L’Indonesian Palm Oil Farmers Association (POPSI) estime que cette hausse affecterait la compétitivité de l’huile de palme indonésienne et pourrait orienter les acheteurs vers d’autres fournisseurs, notamment la Malaisie. Le ministre coordinateur de l’Économie, Airlangga Hartarto, a indiqué que la mise en œuvre du B50 en 2027 dépendrait de l’écart de prix entre le diesel conventionnel et le biocarburant.

Impact sur les marchés

Les cours de référence de l’huile de palme en Malaisie ont reculé de 0,52 % après l’annonce, après avoir progressé de 1,33 % en début de séance. Selon Anilkumar Bagani, responsable de la recherche matières premières chez Sunvin Group, l’abandon du B50 constitue un facteur baissier pour les prix, le marché anticipant une absorption accrue d’huile de palme brute (CPO) avec le mélange supplémentaire.

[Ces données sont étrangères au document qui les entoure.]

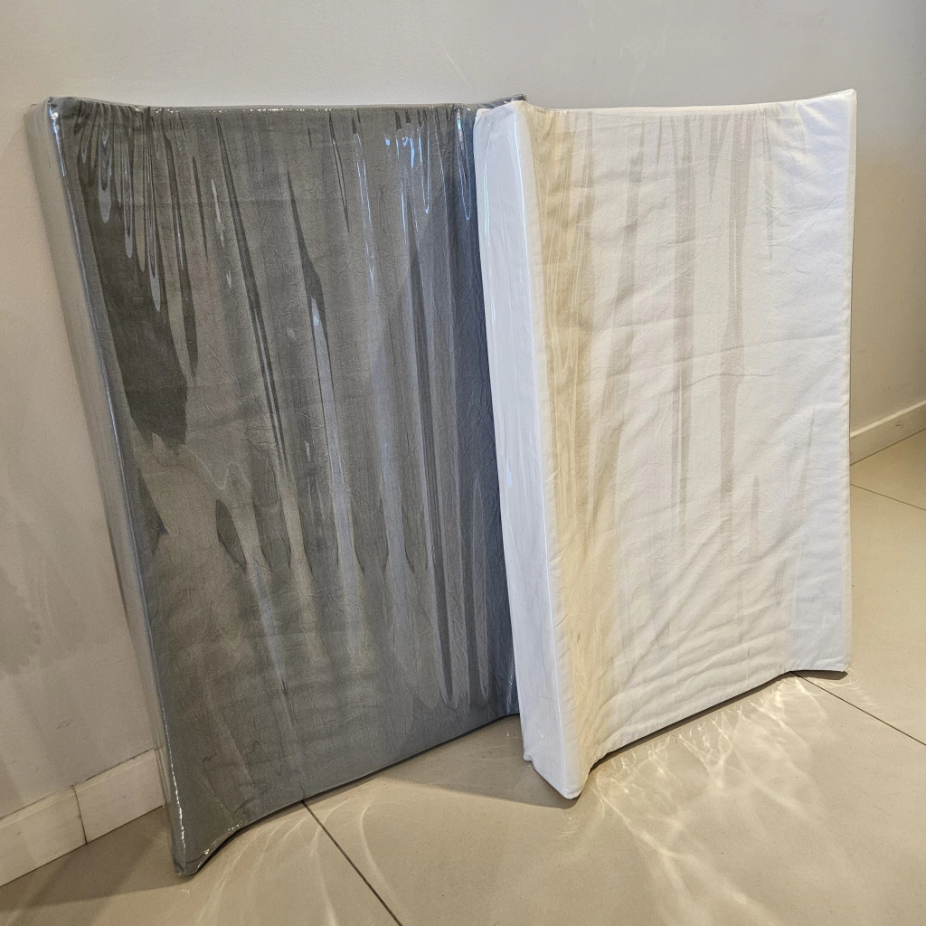 Relleno de goma espuma de alta densidad, forrado en tela estampada y con protección de plástico cristal.

D’après le think tank Indonesia Palm Oil Strategic Studies, le passage au B50 au second semestre aurait absorbé 2,2 millions de tonnes de CPO supplémentaires, portant la consommation totale à environ 13,6 millions de tonnes pour le mandat biodiesel. Cette décision intervient alors que les stocks malaisiens d’huile de palme ont atteint en décembre un plus haut de près de sept ans, franchissant le seuil de 3 millions de tonnes métriques.

L’Indonesian Palm Oil Association (GAPKI) a qualifié le maintien du B40 de décision appropriée. Selon son secrétaire général Hadi Sugeng, cette politique permettrait d’équilibrer production de CPO, besoins domestiques et volumes d’exportation.